The physlearn.datasets.google.model_persistence._paper_params module stores the (hyper)parameters used in Boosting on the shoulders of giants in quantum device calibration. Moreover, it provides utilities for retrieving these (hyper)parameters.

References

  • Alex Wozniakowski, Jayne Thompson, Mile Gu, and Felix C. Binder. “A new formulation of gradient boosting”, Machine Learning: Science and Technology, 2 045022 (2021).

physlearn.datasets.google.model_persistence._paper_params.paper_params(index=0)[source]

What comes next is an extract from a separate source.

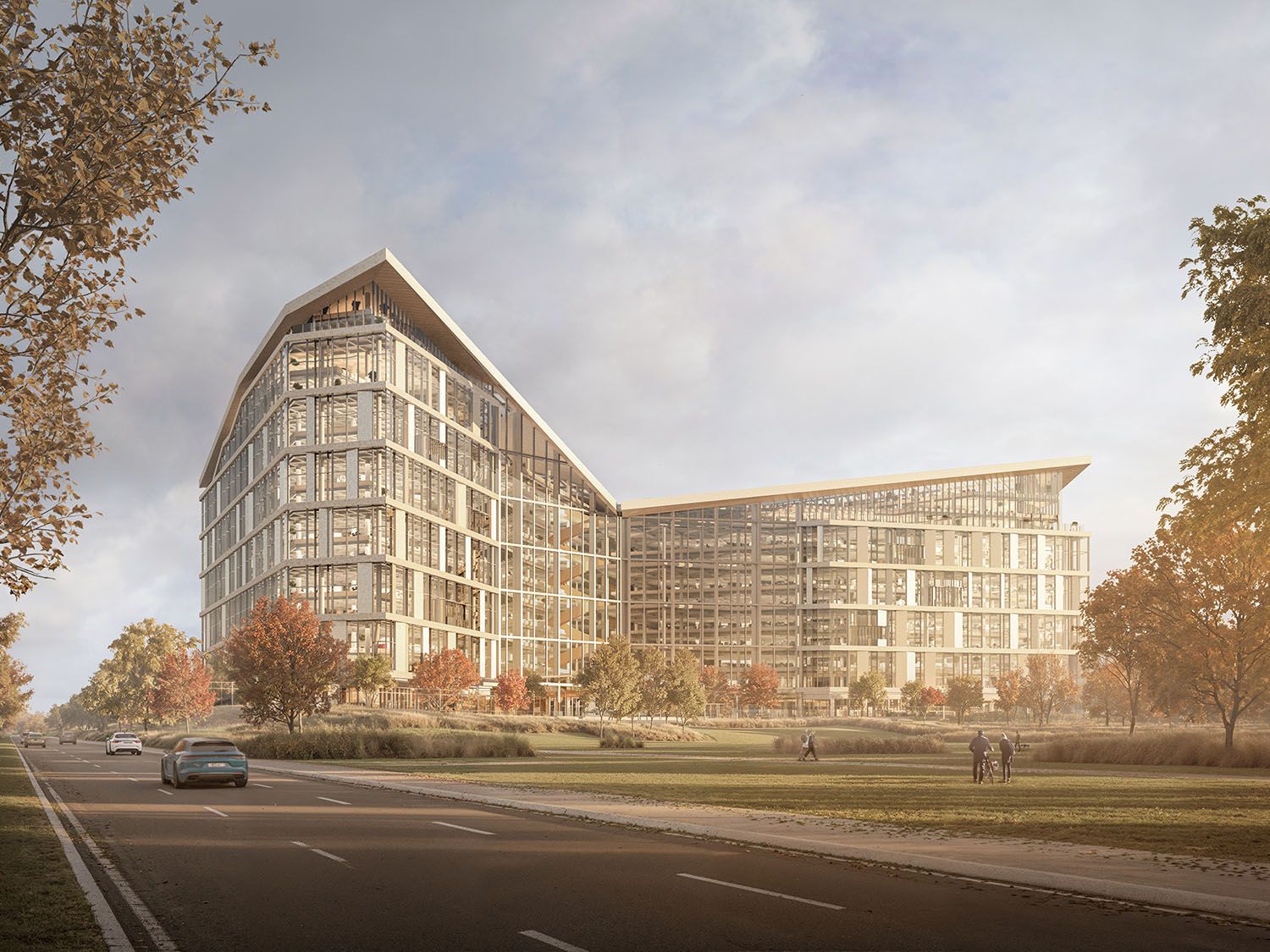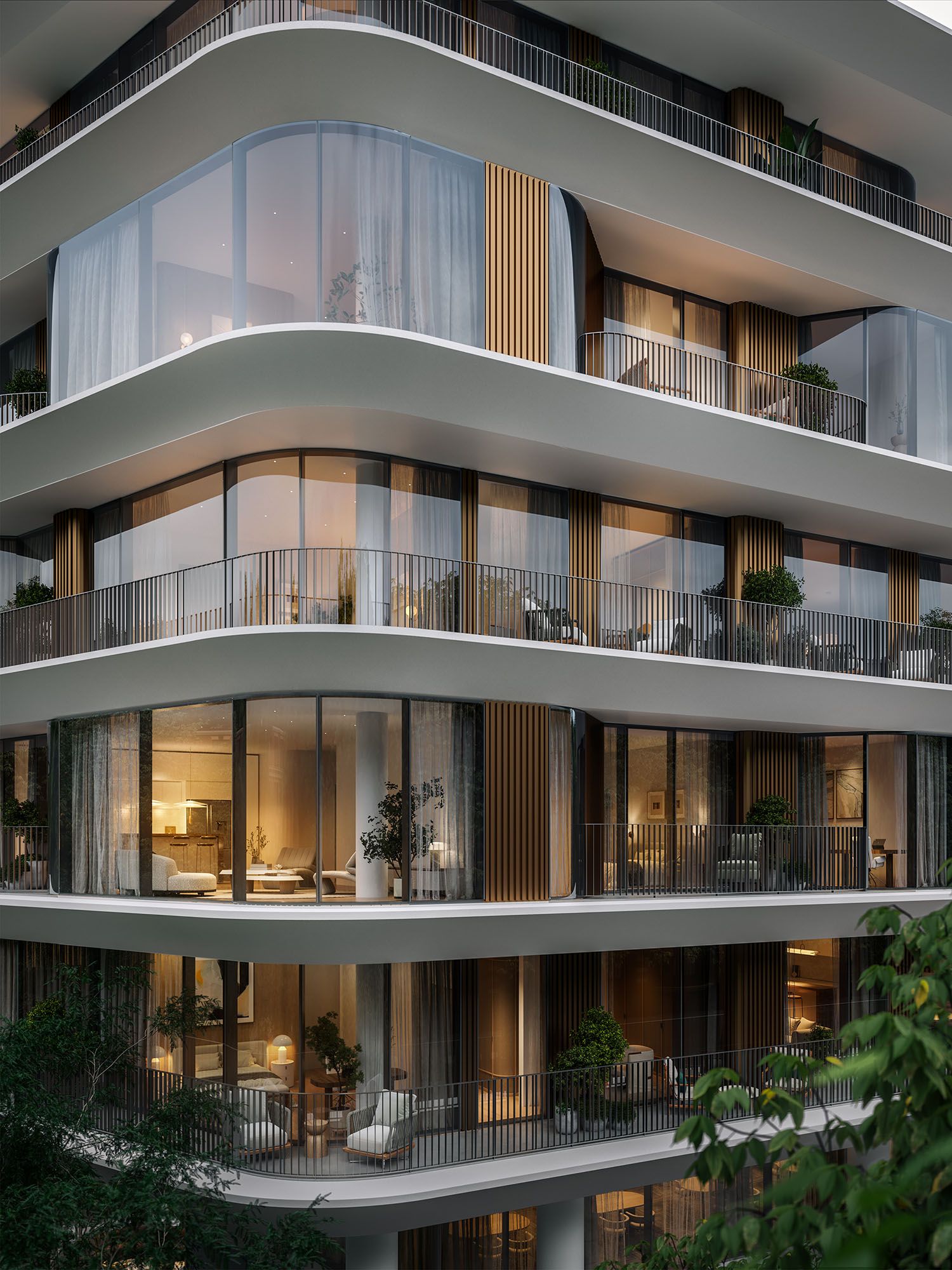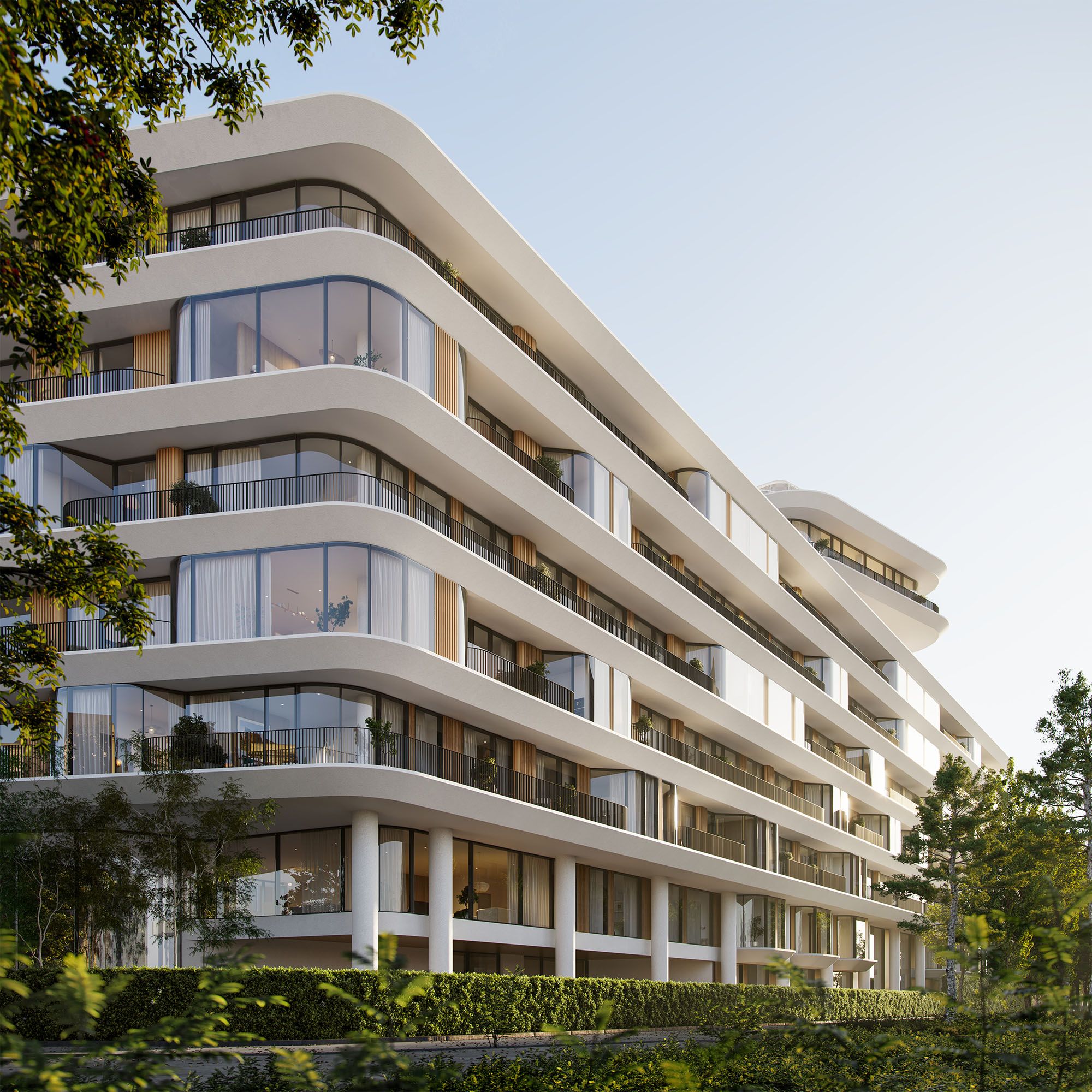 The building’s sculptural form is defined by two overlapping volumes, with the upper structure cantilevering dramatically over the lower to create a bold and recognisable silhouette. Softened edges, crisp white balconies and full-height glazing give the architecture a sense of lightness and fluidity, while vertical bronze elements add rhythm, depth and privacy across the façade. Together, these elements create a strong visual identity that is both elegant and highly distinctive within the surrounding urban fabric.

Retrieves a list for StackingRegressor.

Parameters

index (int) – Specifies the single-target regression subtask, using the Python indexing convention.

Returns

params

Return type

list

Examples

>>> from physlearn.datasets import paper_params
>>> paper_params(index=0)
[[{'activation': 'tanh',
   'solver': 'lbfgs',
   'hidden_layer_sizes': (3,),
   'alpha': 17.0,
   'max_iter': 4390},
  {'objective': 'mean_absolute_error',
   'boosting_type': 'goss',
   'num_leaves': 32,
   'max_depth': 20,
   'learning_rate': 0.2,
   'reg_alpha': 0.3,
   'reg_lambda': 0.3,
   'max_bin': 512,
   'subsample_for_bin': 200,
   'n_estimators': 1060}],
 {'activation': 'tanh',
  'solver': 'lbfgs',
  'hidden_layer_sizes': (10,),
  'alpha': 15.0,
  'max_iter': 4070}]
physlearn.datasets.google.model_persistence._paper_params.additional_paper_params(index=0)[source]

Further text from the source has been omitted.